The data below is to be written out exactly, with no pictures.

PROVIDED DATA Block Start

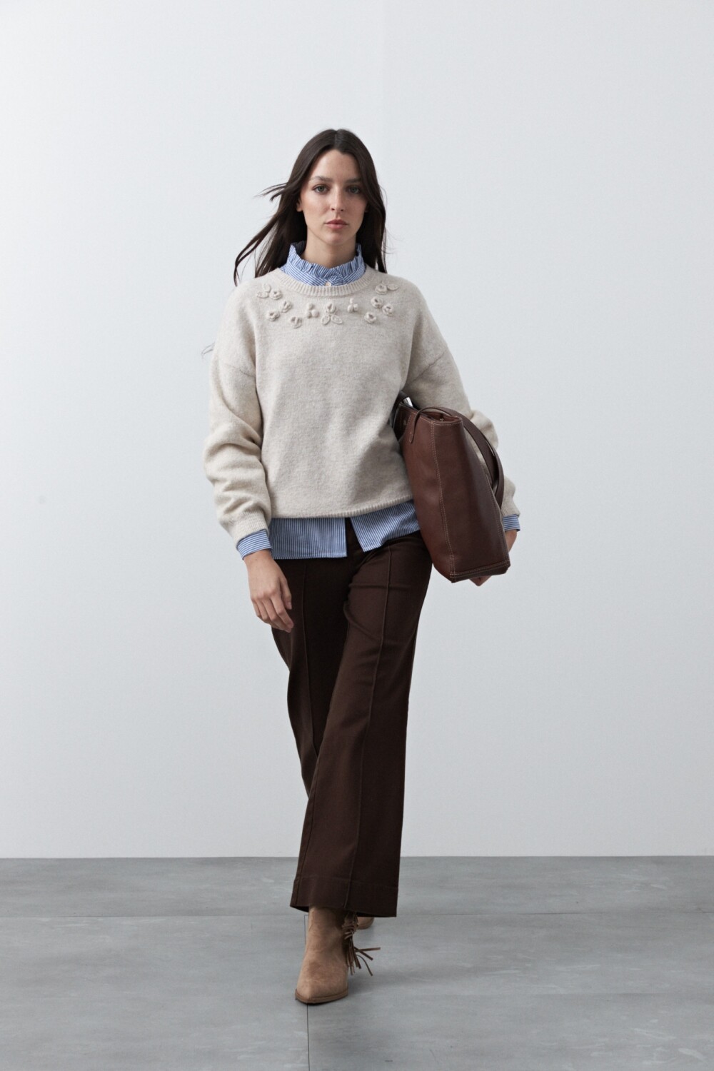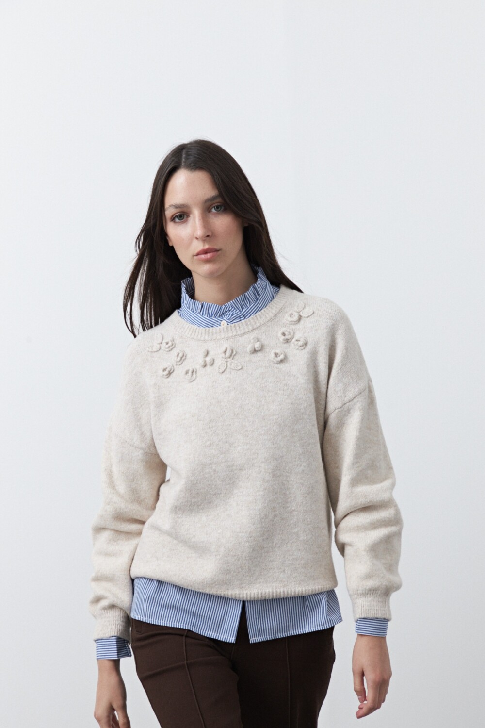 Sweater de tejido suave con bordado floral aplicado, que aporta textura y un detalle artesanal sutil a la prenda. Su silueta relajada y cuello a la base lo convierten en una opción versátil para sumar interés a looks de todos los días, elevando combinaciones clásicas con un guiño romántico y en tendencia.
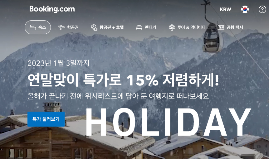 부킹닷컴 11월 프로모션코드 15% 할인 연말맞이 크리스마스 및 겨울방학 여행찬스 호텔예약
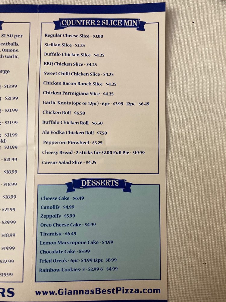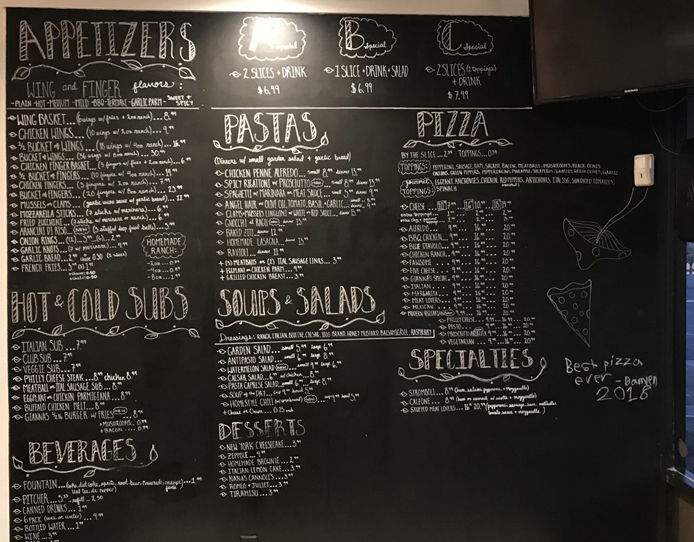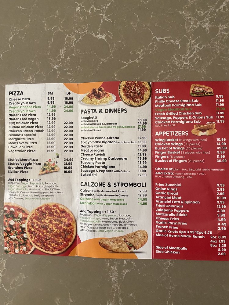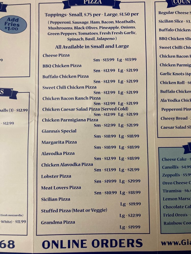 Gianna’s Pizza Menu

PROVIDED DATA Block End

» COMPLETED EXERCISE:
 Sweater de tejido suave con bordado floral aplicado, que aporta textura y un detalle artesanal sutil a la prenda. Su silueta relajada y cuello a la base lo convierten en una opción versátil para sumar interés a looks de todos los días, elevando combinaciones clásicas con un guiño romántico y en tendencia.
 부킹닷컴 11월 프로모션코드 15% 할인 연말맞이 크리스마스 및 겨울방학 여행찬스 호텔예약
 Gianna’s Pizza Menu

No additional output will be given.